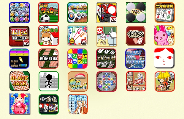 Crystal Drop / 公園サッカー / アーチェリー / 対戦!あつまれ天才花札 / 対戦!あつまれ天才オセロ / 二角麻雀牌 / TETRIS® LEAGUE / わくわくハチ散歩 / 対戦!あつまれ天才大富豪 / オネコマンマのマインスイーパー / 七並べ / どうぶつナンプレ ズープレ / BLOCK&CRASH / 神経衰弱 / あわせてカラフル / SPEED / SMART AIR HOCKEY / 空気読み。 / BLACK JACK / じゃんかべ / 寿司とりっ! / ペグソリティア / 若様大脱走 / ネコQ / マジカルドロップ / こいこい花札 / Icy cave
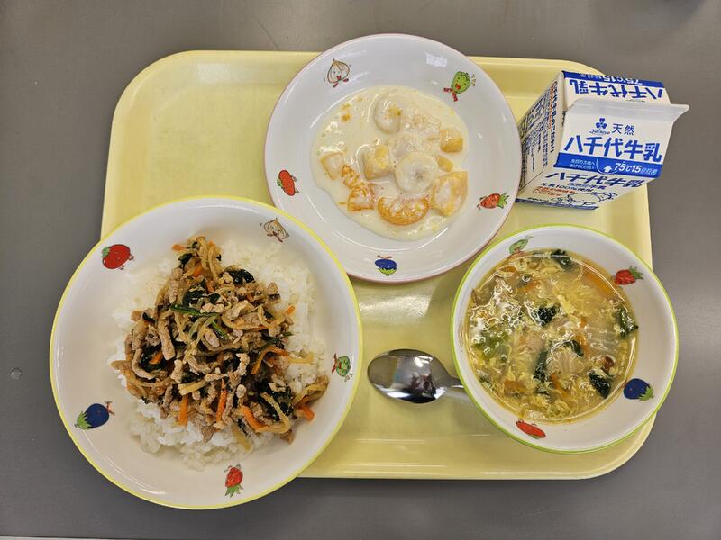 今日は韓国料理(かんこくりょうり)の「ビビンバ」です。今回は少しレシピを変(か)えて、ひき肉ではなく、豚(ぶた)の細切り肉(ほそぎりにく)を使っています。また、野菜にも、それぞれちがう下味(したあじ)をつけてみました。
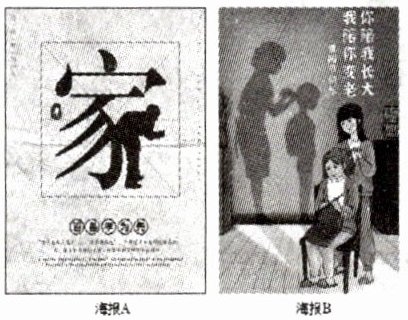 示例一:A 理由一:"家"字右下角的撇捺由一个弯腰的老人组成,说明老人是一个家的重要支撑,老人幸福,家庭才幸福。理由二:"百善孝为先"点出海报主题,直接号召大家孝亲敬老。示例二:B 理由一:图片中女儿为年迈的妈妈梳头的场景与妈妈为年幼的女儿梳头的影子相互映衬,照应文字内容。理由二:"你陪我长大,我陪你变老"点明陪伴就是最好的尽孝方式,契合"孝亲敬老"的主题。
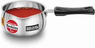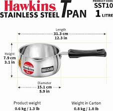 Superior, "rust-proof", food-grade Stainless Steel for healthy and hygienic cooking. The 4.7 mm extra-thick sandwich bottom stays flat, heats evenly and will not develop hotspots. The AISI 430 grade magnetic stainless steel base plate that makes the pan work well on both Gas and Induction. It has a strong, stay-cool plastic handle fixed on sturdy stainless steel bracket which is permanently riveted to the Pan. Suitable for use on domestic gas, induction, electric, ceramic and halogen stoves. Perfect for making tea, coffee, soups, sauces, chutneys, gravies, curries, Rice, Pilau, Dal; Boiling noodles, pasta, eggs; Cooking food for infants; Reheating food and for tadka. The Hawkins Stainless Steel TPan is ideal for making tea and coffee. It is also ideal for making soup, boiling milk and water, cooking instant noodles and re-heating food. The 4.7 mm extra-thick sandwich bottom stays flat, heats evenly and will not develop hotspots. The TPan body is made from superior food-grade AISI 304 non-magnetic stainless steel. The AISI 430 magnetic stainless steel base makes the TPan Induction Compatible. It has a technologically advanced, specially designed Ezee-Pour spout for easy, no-drip pouring. The strong, sturdy, stay-cool handle is firmly attached with two stainless steel rivets. A maximum fill level is marked on the inside wall for greater convenience. The TPan is suitable for all domestic gas, electric, halogen, ceramic and induction cooktops.
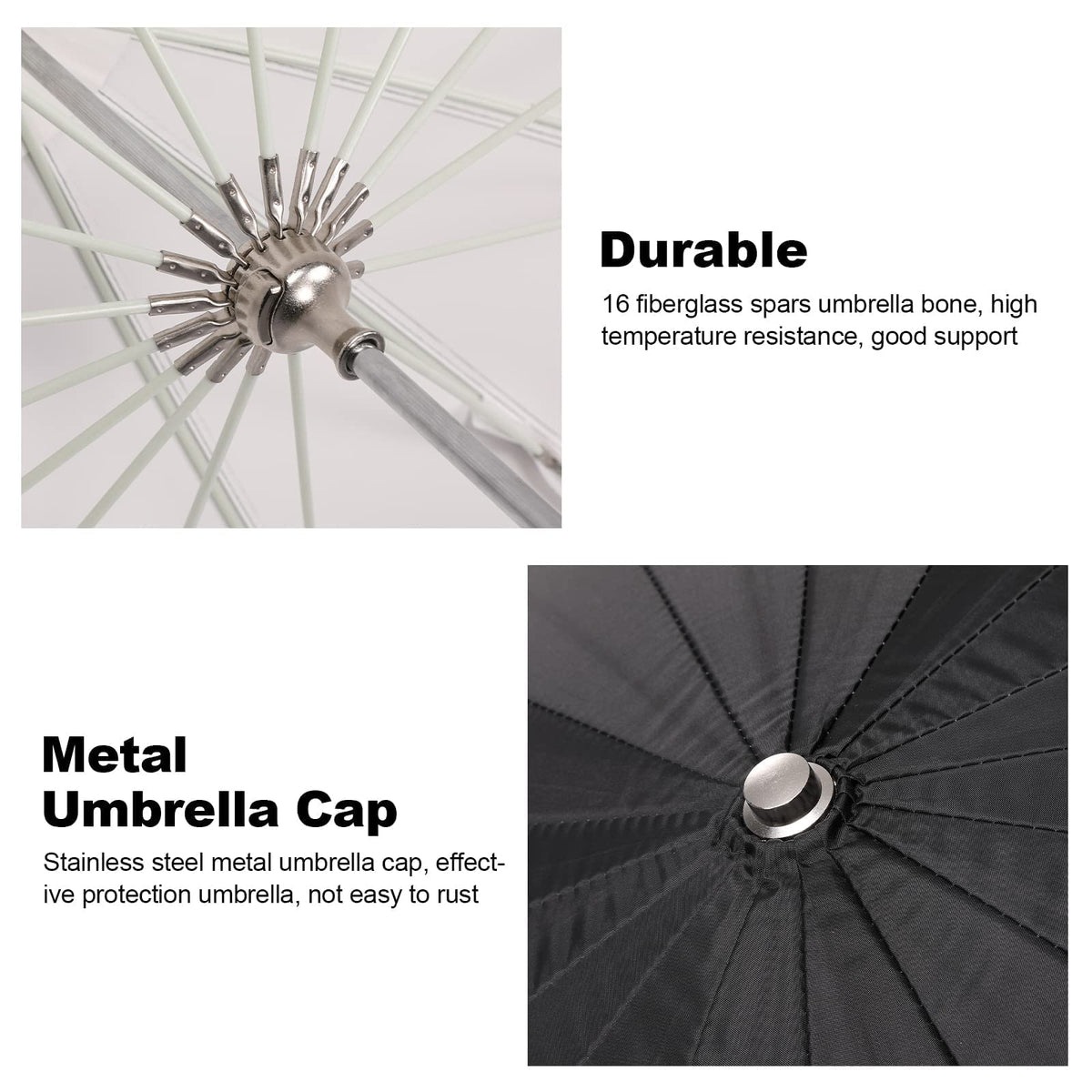 Q: What materials are used in the construction of the Godox UB-130W umbrella?A: The Godox UB-130W is constructed from high-quality reflective fabric supported by 16 stainless steel glass fibers. This design ensures high temperature resistance and durability, allowing for even light diffusion and maintaining a consistent color temperature during use.

# # # # #

(Your goal): All of the listing should be transcribed exactly, but none of its images.

(Result of this exercise):
 Crystal Drop / 公園サッカー / アーチェリー / 対戦!あつまれ天才花札 / 対戦!あつまれ天才オセロ / 二角麻雀牌 / TETRIS® LEAGUE / わくわくハチ散歩 / 対戦!あつまれ天才大富豪 / オネコマンマのマインスイーパー / 七並べ / どうぶつナンプレ ズープレ / BLOCK&CRASH / 神経衰弱 / あわせてカラフル / SPEED / SMART AIR HOCKEY / 空気読み。 / BLACK JACK / じゃんかべ / 寿司とりっ! / ペグソリティア / 若様大脱走 / ネコQ / マジカルドロップ / こいこい花札 / Icy cave
 今日は韓国料理(かんこくりょうり)の「ビビンバ」です。今回は少しレシピを変(か)えて、ひき肉ではなく、豚(ぶた)の細切り肉(ほそぎりにく)を使っています。また、野菜にも、それぞれちがう下味(したあじ)をつけてみました。
 示例一:A 理由一:"家"字右下角的撇捺由一个弯腰的老人组成,说明老人是一个家的重要支撑,老人幸福,家庭才幸福。理由二:"百善孝为先"点出海报主题,直接号召大家孝亲敬老。示例二:B 理由一:图片中女儿为年迈的妈妈梳头的场景与妈妈为年幼的女儿梳头的影子相互映衬,照应文字内容。理由二:"你陪我长大,我陪你变老"点明陪伴就是最好的尽孝方式,契合"孝亲敬老"的主题。
 Superior, "rust-proof", food-grade Stainless Steel for healthy and hygienic cooking. The 4.7 mm extra-thick sandwich bottom stays flat, heats evenly and will not develop hotspots. The AISI 430 grade magnetic stainless steel base plate that makes the pan work well on both Gas and Induction. It has a strong, stay-cool plastic handle fixed on sturdy stainless steel bracket which is permanently riveted to the Pan. Suitable for use on domestic gas, induction, electric, ceramic and halogen stoves. Perfect for making tea, coffee, soups, sauces, chutneys, gravies, curries, Rice, Pilau, Dal; Boiling noodles, pasta, eggs; Cooking food for infants; Reheating food and for tadka. The Hawkins Stainless Steel TPan is ideal for making tea and coffee. It is also ideal for making soup, boiling milk and water, cooking instant noodles and re-heating food. The 4.7 mm extra-thick sandwich bottom stays flat, heats evenly and will not develop hotspots. The TPan body is made from superior food-grade AISI 304 non-magnetic stainless steel. The AISI 430 magnetic stainless steel base makes the TPan Induction Compatible. It has a technologically advanced, specially designed Ezee-Pour spout for easy, no-drip pouring. The strong, sturdy, stay-cool handle is firmly attached with two stainless steel rivets. A maximum fill level is marked on the inside wall for greater convenience. The TPan is suitable for all domestic gas, electric, halogen, ceramic and induction cooktops.
 Q: What materials are used in the construction of the Godox UB-130W umbrella?A: The Godox UB-130W is constructed from high-quality reflective fabric supported by 16 stainless steel glass fibers. This design ensures high temperature resistance and durability, allowing for even light diffusion and maintaining a consistent color temperature during use.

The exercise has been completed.